** Directions **
Leaving out all pictures, transcribe the lines below exactly, from the first through the line containing "Lưu ý : nhập đầy đủ 4 thông tin .".

** Source material **
Content starts
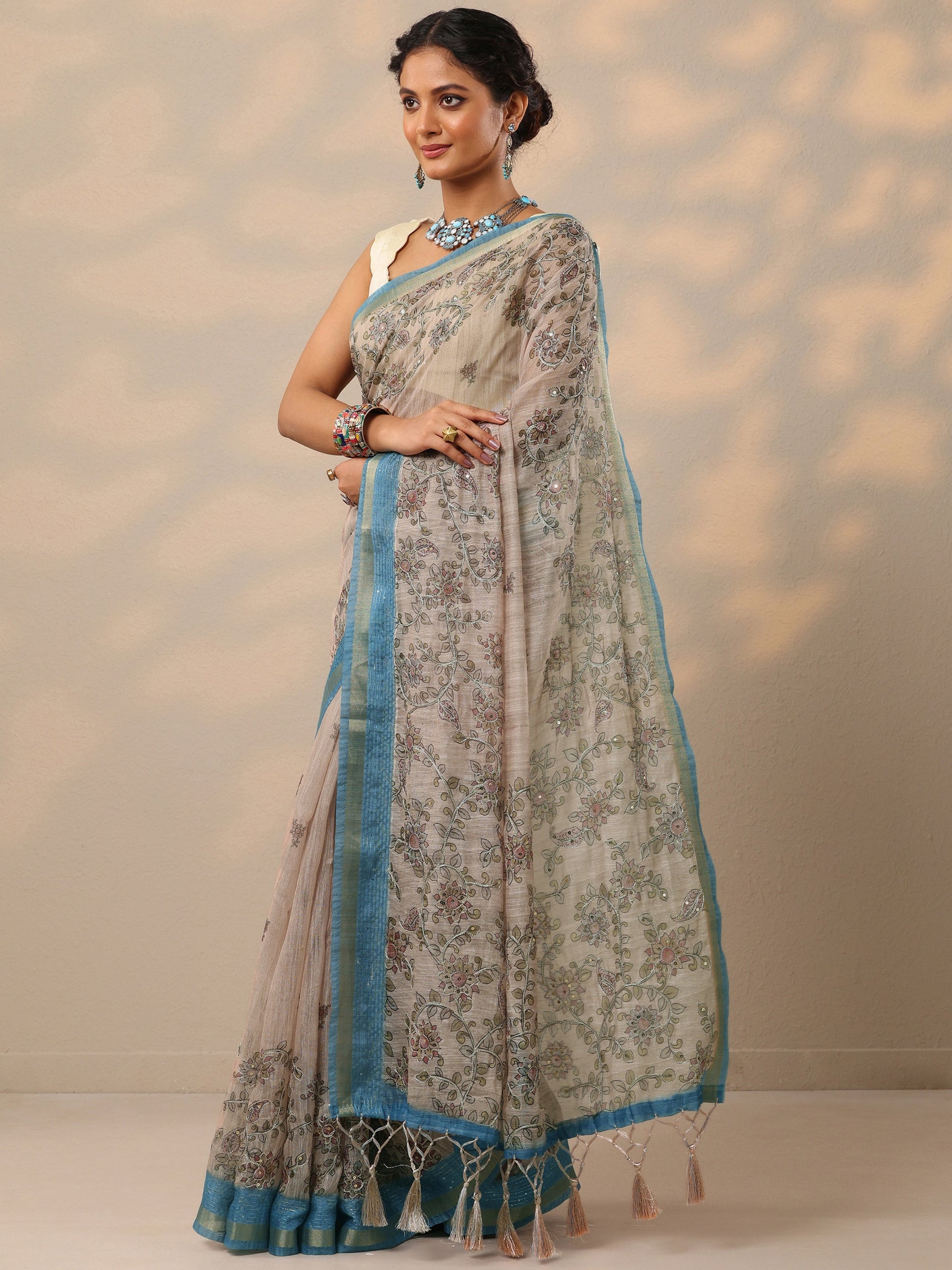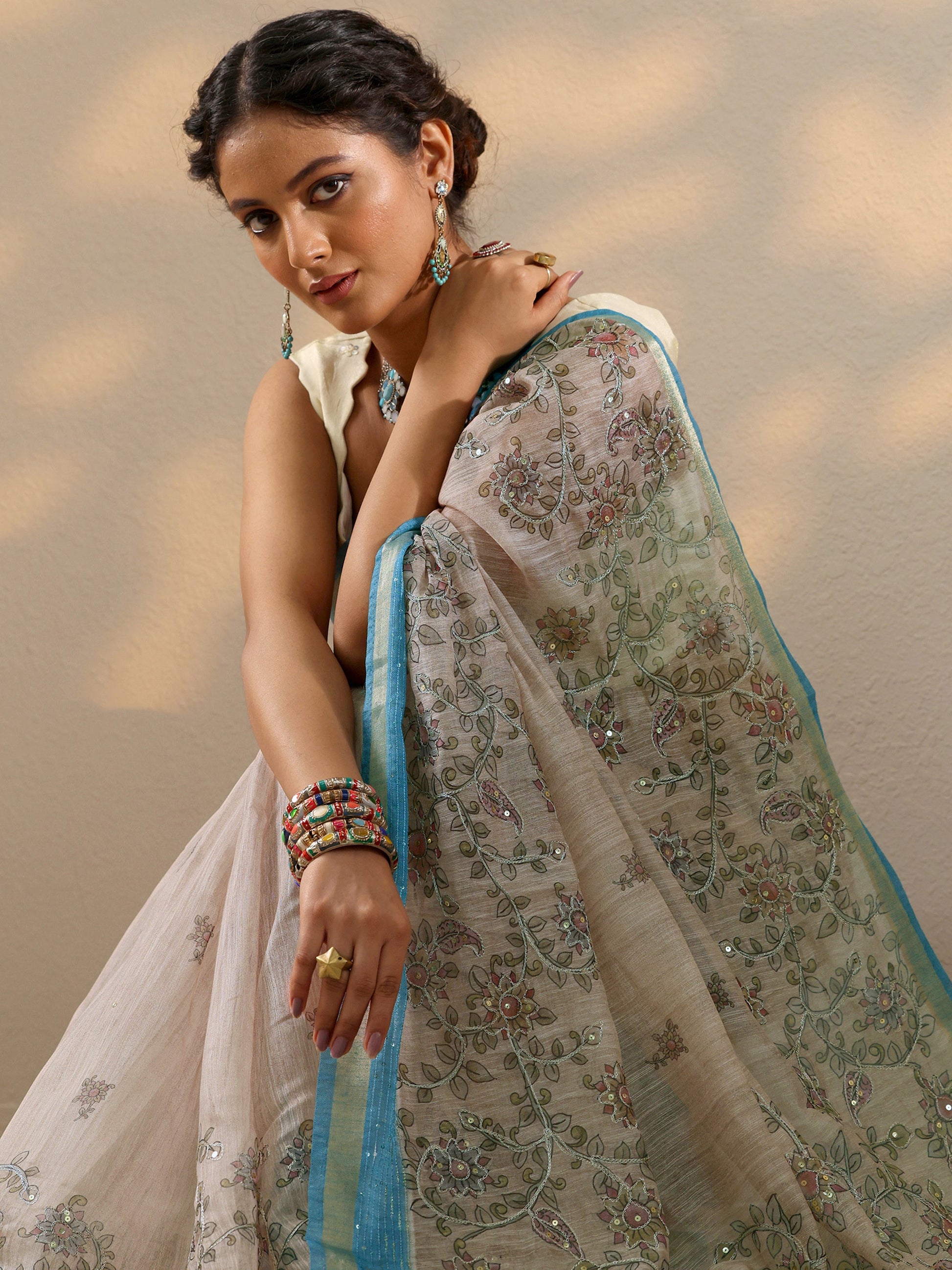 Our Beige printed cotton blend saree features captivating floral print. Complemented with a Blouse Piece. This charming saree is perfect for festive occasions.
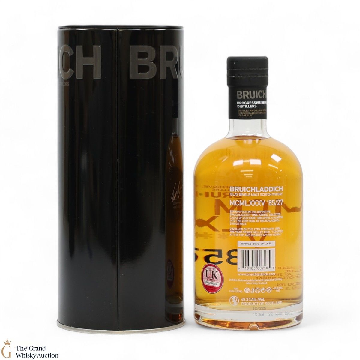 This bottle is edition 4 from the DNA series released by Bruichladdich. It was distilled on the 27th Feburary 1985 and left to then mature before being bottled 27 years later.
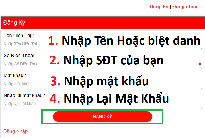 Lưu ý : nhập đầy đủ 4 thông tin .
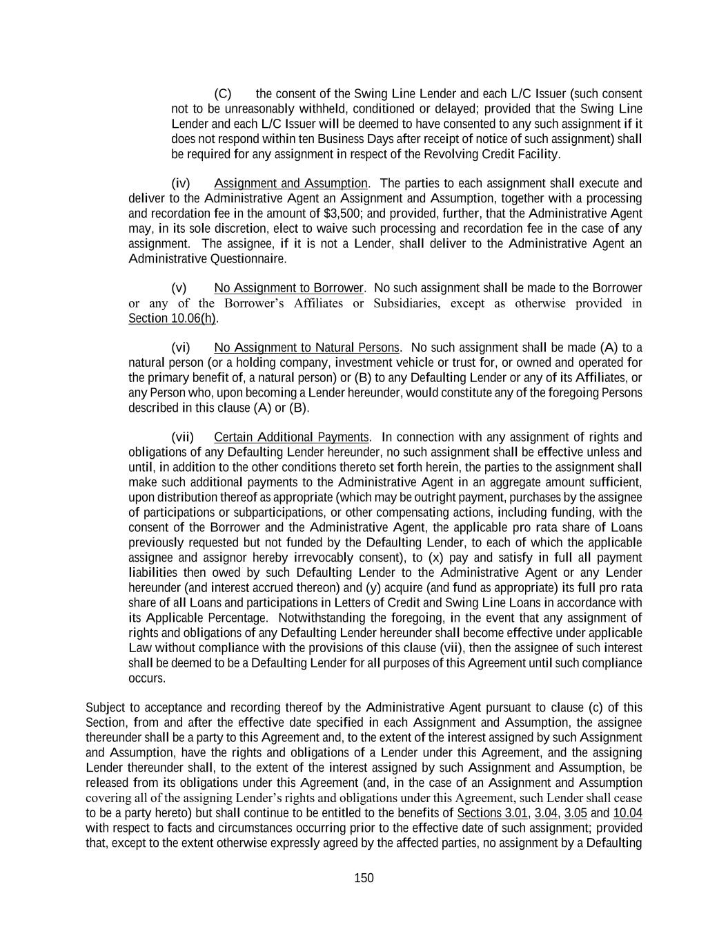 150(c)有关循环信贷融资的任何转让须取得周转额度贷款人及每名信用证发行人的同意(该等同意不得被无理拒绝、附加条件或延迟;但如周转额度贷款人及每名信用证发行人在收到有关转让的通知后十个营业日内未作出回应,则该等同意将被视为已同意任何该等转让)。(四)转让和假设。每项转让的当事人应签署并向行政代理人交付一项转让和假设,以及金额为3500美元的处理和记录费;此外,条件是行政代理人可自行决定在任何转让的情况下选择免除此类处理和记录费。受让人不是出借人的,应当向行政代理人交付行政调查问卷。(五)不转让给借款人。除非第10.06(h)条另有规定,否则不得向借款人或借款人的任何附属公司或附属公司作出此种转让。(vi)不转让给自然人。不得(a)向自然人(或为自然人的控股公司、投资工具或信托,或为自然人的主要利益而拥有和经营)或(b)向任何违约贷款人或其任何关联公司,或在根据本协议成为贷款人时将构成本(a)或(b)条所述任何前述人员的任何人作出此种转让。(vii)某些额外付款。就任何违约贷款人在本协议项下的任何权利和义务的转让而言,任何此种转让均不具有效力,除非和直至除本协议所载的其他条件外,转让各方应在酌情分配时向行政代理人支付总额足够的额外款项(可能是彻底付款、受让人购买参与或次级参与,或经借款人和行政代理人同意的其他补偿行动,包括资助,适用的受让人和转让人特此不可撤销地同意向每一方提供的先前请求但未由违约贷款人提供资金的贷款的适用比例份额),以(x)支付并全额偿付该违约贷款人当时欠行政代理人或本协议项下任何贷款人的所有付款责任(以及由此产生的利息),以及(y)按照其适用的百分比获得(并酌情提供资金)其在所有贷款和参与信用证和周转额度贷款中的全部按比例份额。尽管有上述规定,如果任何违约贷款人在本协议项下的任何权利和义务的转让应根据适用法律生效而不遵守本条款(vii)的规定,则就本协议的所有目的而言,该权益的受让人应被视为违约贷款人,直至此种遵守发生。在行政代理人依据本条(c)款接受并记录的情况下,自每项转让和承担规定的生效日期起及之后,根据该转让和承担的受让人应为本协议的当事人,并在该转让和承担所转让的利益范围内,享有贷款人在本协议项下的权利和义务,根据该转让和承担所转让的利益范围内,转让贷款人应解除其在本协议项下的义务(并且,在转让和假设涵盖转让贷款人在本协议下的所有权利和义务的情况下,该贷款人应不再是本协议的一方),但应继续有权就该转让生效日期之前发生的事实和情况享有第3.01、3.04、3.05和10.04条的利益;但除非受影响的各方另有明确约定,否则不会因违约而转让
Content ends
** Worked solution **
 Our Beige printed cotton blend saree features captivating floral print. Complemented with a Blouse Piece. This charming saree is perfect for festive occasions.
 This bottle is edition 4 from the DNA series released by Bruichladdich. It was distilled on the 27th Feburary 1985 and left to then mature before being bottled 27 years later.
 Lưu ý : nhập đầy đủ 4 thông tin .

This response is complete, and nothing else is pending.